US-Präsident Donald Trump und seine Regierung hatten dafür gesorgt, dass zum 30. September in den USA die Steuervergünstigung von 7.500 Dollar beim Kauf eines Elektroautos wegfiel. Tesla bescherte das im vergangenen Quartal bei den Auslieferungen einen überraschend starken Sprung auf 497.099 Fahrzeuge weltweit. Das war im Jahresvergleich ein Plus von 7,4 Prozent – nachdem die Verkäufe im ersten Halbjahr gefallen waren. Marktexperten gehen jedoch davon aus, dass mit vielen vorgezogenen Käufen der Absatz nun wieder unter Druck geraten dürfte.

Musk behauptet unterdessen, dass Autoverkäufe für Tesla künftig nicht mehr so wichtig sein würden, weil die Zukunft des Unternehmens bei Robotaxis und humanoiden Robotern liege.

Probleme mit den Türen

Ob im Zuge der Anpassungen auch die Probleme mit den Türschlössern angegangen werden, ging aus der Ankündigung nicht hervor.
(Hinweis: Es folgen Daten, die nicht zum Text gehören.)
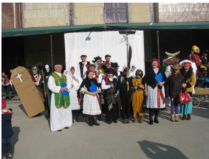
Pochovávanie basy v podaní folklórneho súboru Liborčan

Fašiangové obdobie , od Troch kráľov do Popolcovej stredy, vyvrcholilo v našom meste 1. marcový deň v popoludňajších hodinách. Každoročne sa fašiangová slávnosť v Nemšovej stretáva s veľkým záujmom ľudí. Prekrásne jarne počasie prilákalo do amfiteátra Kultúrneho centra mnoho ľudí. Neodmysliteľnou súčasťou fašiangov v Nemšovej patrí sprievod masiek od budovy Slovenskej sporiteľne až po Mierové námestie. Nechýbala typická fašiangová pochúťka – šišky vyprážené na masť, oškvarkové pagáče či domáce zabíjačkové špeciality,

Grundsätzlich will Tesla nach Kritik und Behörden-Untersuchungen dafür sorgen, dass sich die Türschlösser der Elektroautos in Notsituationen leichter öffnen lassen. Die Idee, die elektronische und die mechanische Schließtechnik an einem Knopf zu kombinieren, „ergibt eine Menge Sinn“, sagte Teslas Chefdesigner Franz von Holzhausen in einem Podcast des Finanzdienstes Bloomberg. Damit könnten Türen von Insassen „in Panik-Situationen“ intuitiver geöffnet werden, erklärte er.

Tesla hatte sich beim Design für versenkbare Türgriffe außen und einen Knopf zur Öffnung innen entschieden. Die Türen werden unter normalen Umständen elektrisch geöffnet. Fällt die Stromversorgung jedoch zum Beispiel bei einem Unfall aus, müssen Insassen mechanische Türöffner wie Hebel oder Seile finden und betätigen. Von Modell zu Modell unterschiedlich können sie sich hinter Türverkleidungen oder unterhalb von Sitzen befinden. Helfer bei mehreren Unfällen mit Fahrzeugbränden berichteten von Problemen, zu den Insassen zu kommen.